Project 5 / Face Detection with a Sliding Window

This goal of this project is to create a sliding window, multiscale face detector. We will use SIFT-like HoG features on patches, slide the patches along the images, and use SVM or other classifiers to classify the images. We will do this for multiple scales and return the bounding boxes of potential matches. Overlapping bounding boxes will be removed yeilding the final result.

STEP 1: get_positive_features.m and get_random_negative_features.m

When implmenting get_positive_features.m I first read in the image, make sure it is grayscale, then resize it to the size of the desired template size (36x36 pixels). I then found the hog features with vl_hog(). The resulting feature is 1116 dimensions. For get_random_negative_features, I randomly took patches of images at random scales and found their HoG features. The number of patches I sampled from each image was proportional to the size of the image. I collected 10,000 negative examples.

STEP 2: Train Classifier

For traning the classifier, I first used linear SVM, with vl_svmtrain(). I used a lambda value of 1.e-7.

STEP 3: run_detector.m

For run_detector.m I first perform downsampling to scale the image down. I repeatedly scaled the image down by a 90% 20 times or until the image was too small to extract the hog features. Once the image was scaled down I found the hog features, then used a sliding window to take patches of the hog features which were of the correct size to yield the right number of features. I used a step size of 6 pixels. I then ran the feature through the classifier and found the confidence value. If the confidence was higher than a threshold (for SVM, I used -0.1), then I saved the bounding box for that feature and the confidence as well. Finally, after performing this operation on the different scales, I used non maximum supression to find non-overlapping bounding boxes with the highest confidence. These were the positive labeled faces.

RESULTS

With the pipeline outlined above, I was able to achieve an average precision of 0.876. This is using a threshold for the SVM of -0.1. Below are the graphs for the results.

Average Precision.

HoG Template.

Using this low threshold gives a higher average precision, but returns too many false positives, yielding results like this:

Too many false positives.

To reduce the false positive rate, I increased the threshold to 0.8. This resulted in a lower average precision of 0.871, with fewer false positives. Below are the results of the test images.

All results

EXTRA 1: Using other positive training data

I found more positive face images by searching on google images and downloading the thumbnails. I tried to curate the search to return clear, head-on, square images containing human faces. I collected 731 images in this way. The search process was not perfect, but here are some examples of images I retrieved:

I scaled the images down to 36x36 and converted to greyscale, then incorporated these images into Caltech training dataset, yeilding a total of 6713+731=7444 positive images. I then ran the entire pipeline, hoping that the performance would improve. using a low threshold for the confidence of -0.1, I got an average precision of 0.653. This was lower than without using the additional images. This is probably due to the fact that the images I added were not very close to the test set. Specifically, there may have been too many side views of faces, which can be seen from the difference in the HoG template, which is less symmetric. This highlights the importance of carefully choosing good data.
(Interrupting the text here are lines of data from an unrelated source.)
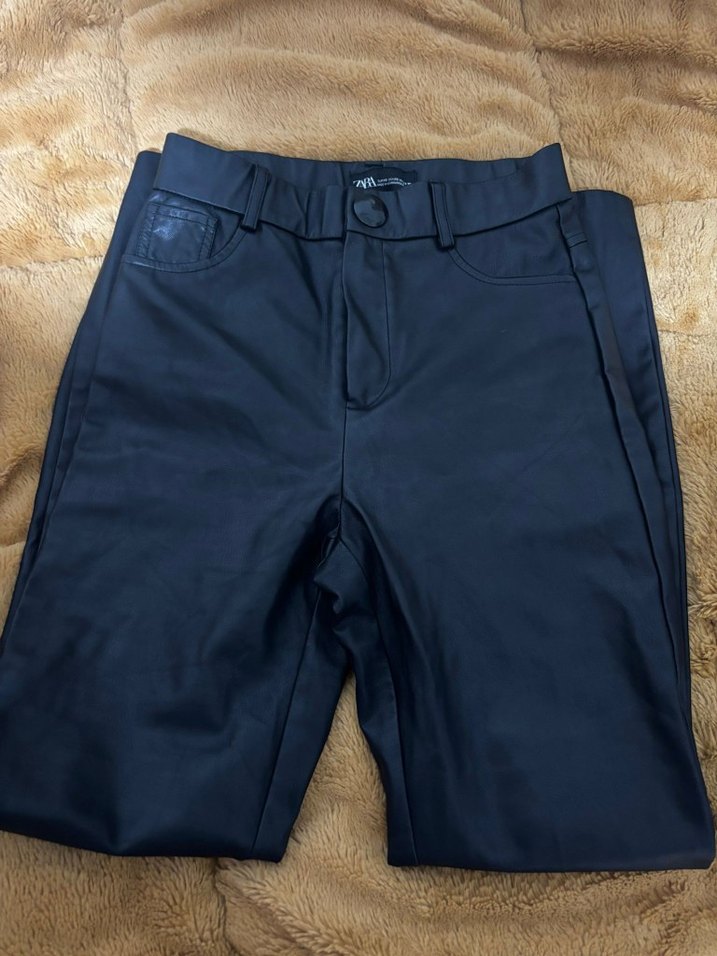 siyah deri, normal boy, dar kesim kadın pantolon. Tokalı detaylı, gündelik rahat normcore tarzında.
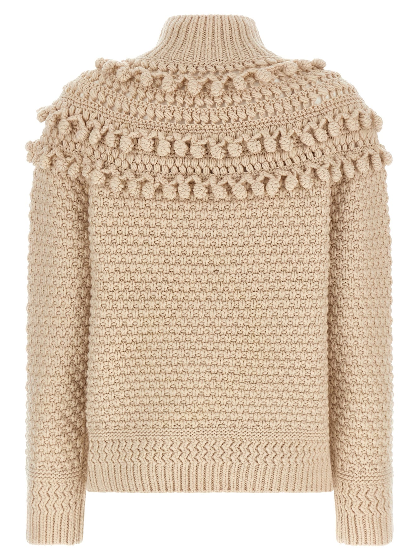 'Hypnotic Bauble' knitted wool sweater with pompom, high neck, long sleeves with cuffs and dropped shoulders.
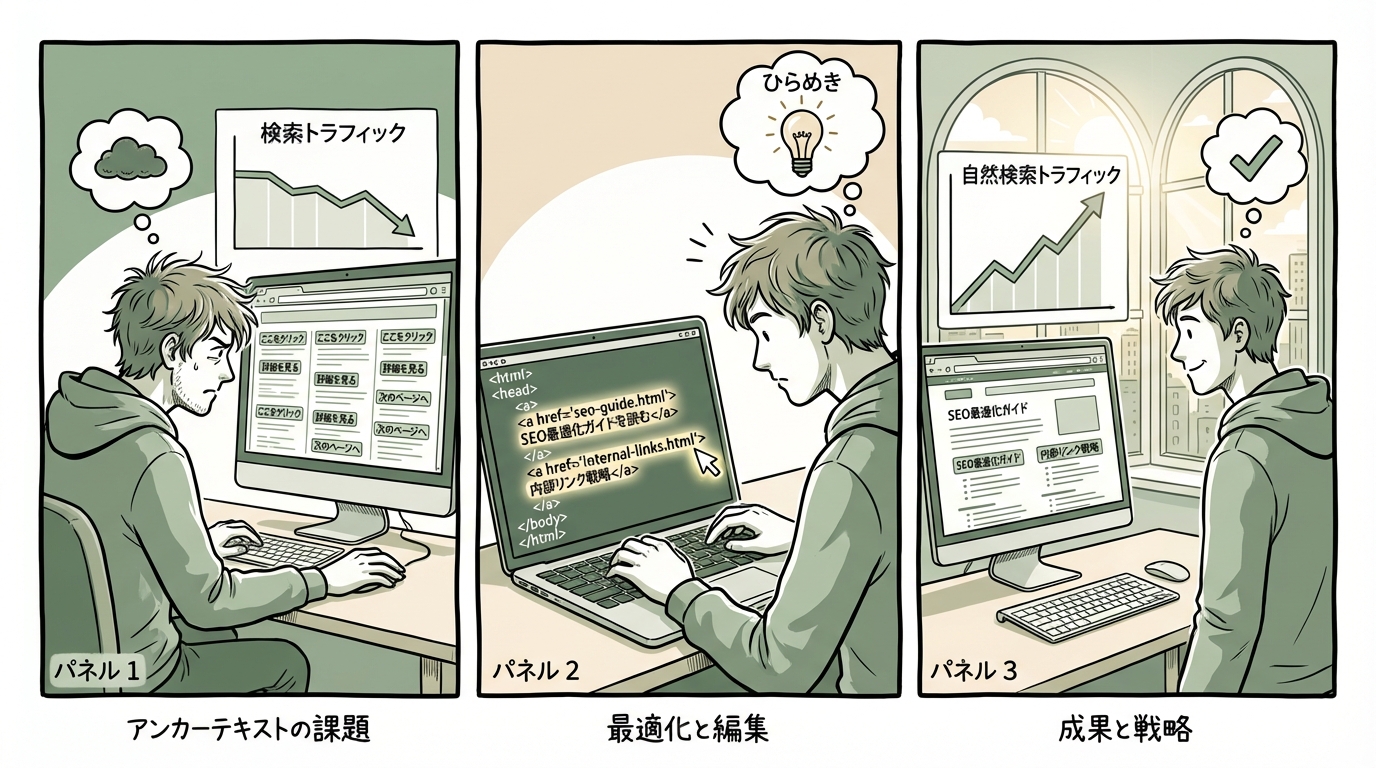 アンカーテキストの正しい書き方とNG例を網羅解説。クリック率2.7倍・検索流入42%増の実例付きで、初心者でも今日から改善を始められます。具体的な改善手順を今すぐチェック。

HoG template using extra images from google.

Average precision using extra images from google.

EXTRA 2: Using a Random Forest classifier

I tried using MATLAB's built in random forest classifier (fitcenemble) for the classification. This yielded worse results (AP 0.863). Below is the precision vs recall graph. The implmentation was considerably slower than linear SVM.

Average precision using random forests.

Classroom images

These are the detections on the extra test images using a higher confidence threshold (0.8).